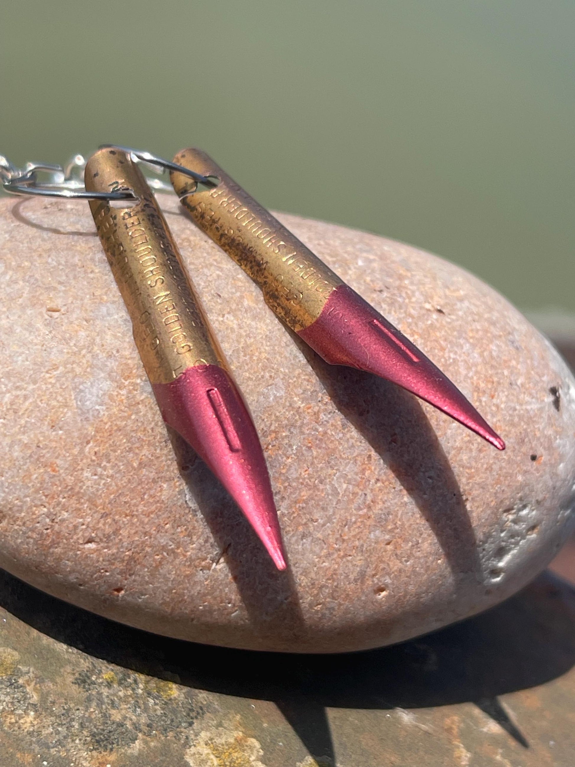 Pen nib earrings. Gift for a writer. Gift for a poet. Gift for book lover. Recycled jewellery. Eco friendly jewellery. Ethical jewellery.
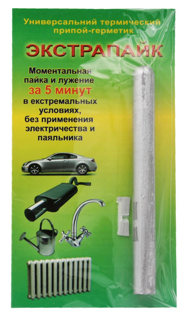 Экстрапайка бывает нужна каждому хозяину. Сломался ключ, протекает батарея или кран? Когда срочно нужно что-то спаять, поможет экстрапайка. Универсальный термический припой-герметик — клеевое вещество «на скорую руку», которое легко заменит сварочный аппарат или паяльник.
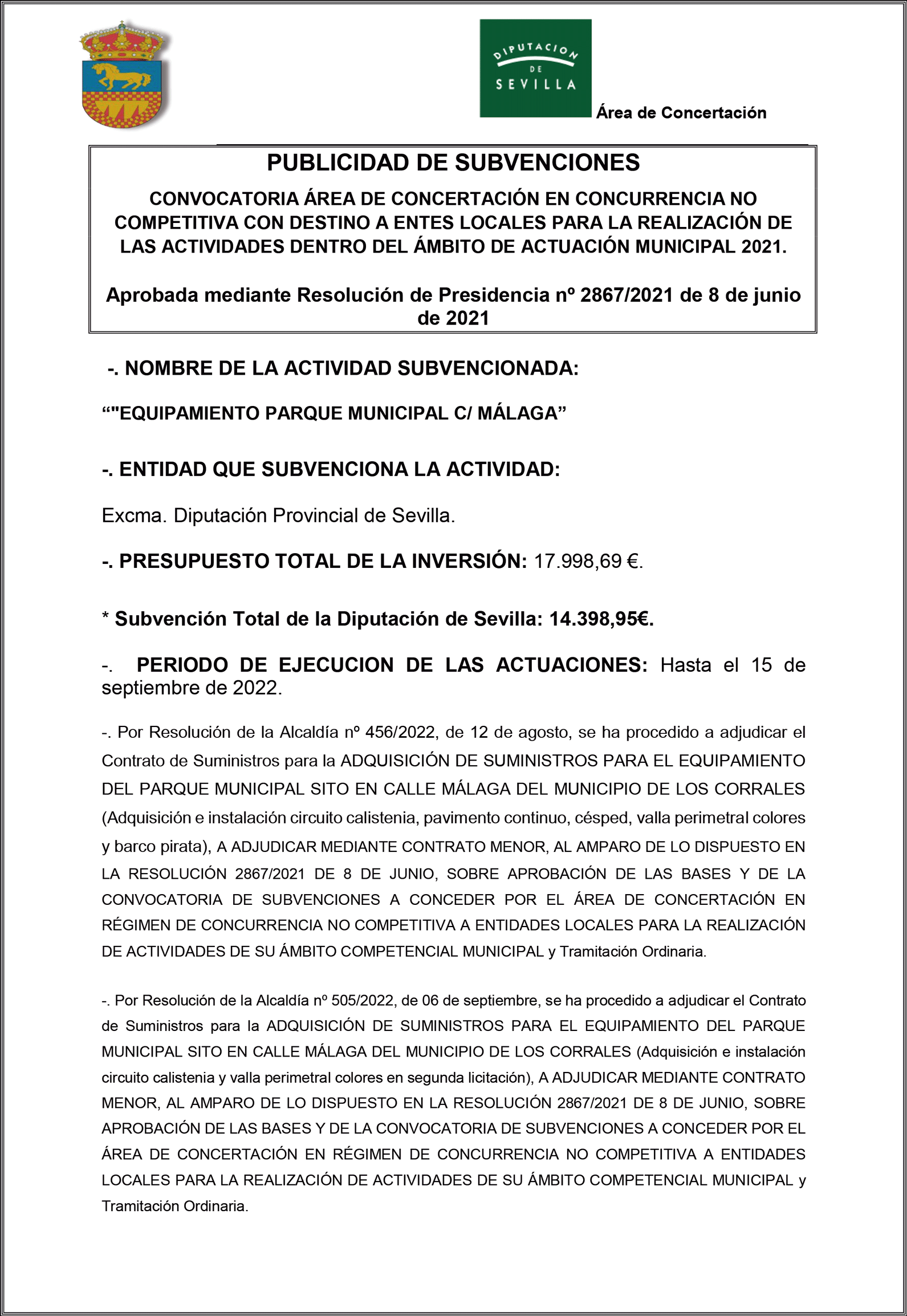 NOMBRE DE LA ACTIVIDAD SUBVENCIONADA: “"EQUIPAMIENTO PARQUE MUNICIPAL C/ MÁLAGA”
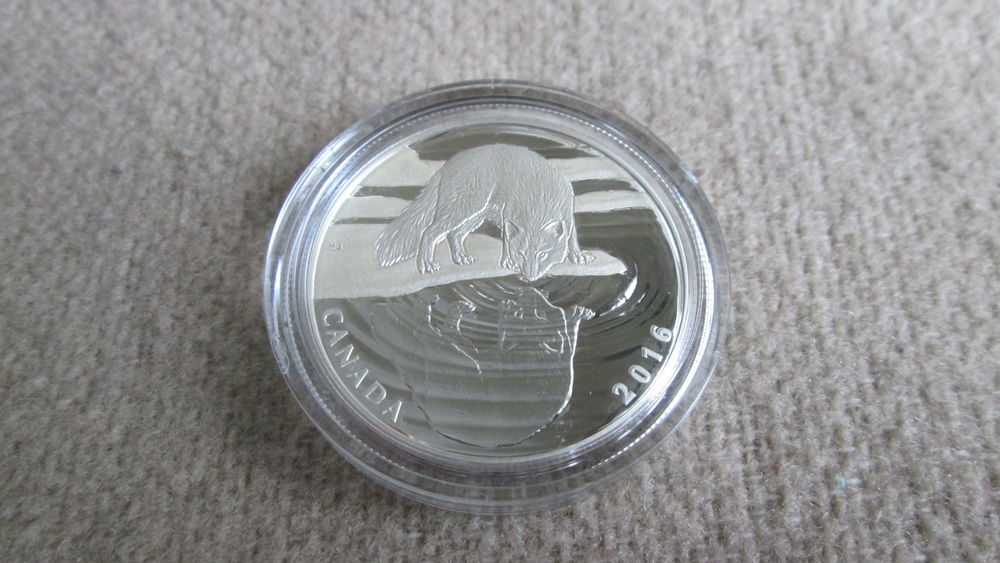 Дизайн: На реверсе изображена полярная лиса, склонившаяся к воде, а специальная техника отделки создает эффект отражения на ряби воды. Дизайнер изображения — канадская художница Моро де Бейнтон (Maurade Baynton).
------------
**BRIEF**
Set down the data again, exactly, without images.

**SOLUTION FOR THIS EXERCISE**
 Pen nib earrings. Gift for a writer. Gift for a poet. Gift for book lover. Recycled jewellery. Eco friendly jewellery. Ethical jewellery.
 Экстрапайка бывает нужна каждому хозяину. Сломался ключ, протекает батарея или кран? Когда срочно нужно что-то спаять, поможет экстрапайка. Универсальный термический припой-герметик — клеевое вещество «на скорую руку», которое легко заменит сварочный аппарат или паяльник.
 NOMBRE DE LA ACTIVIDAD SUBVENCIONADA: “"EQUIPAMIENTO PARQUE MUNICIPAL C/ MÁLAGA”
 Дизайн: На реверсе изображена полярная лиса, склонившаяся к воде, а специальная техника отделки создает эффект отражения на ряби воды. Дизайнер изображения — канадская художница Моро де Бейнтон (Maurade Baynton).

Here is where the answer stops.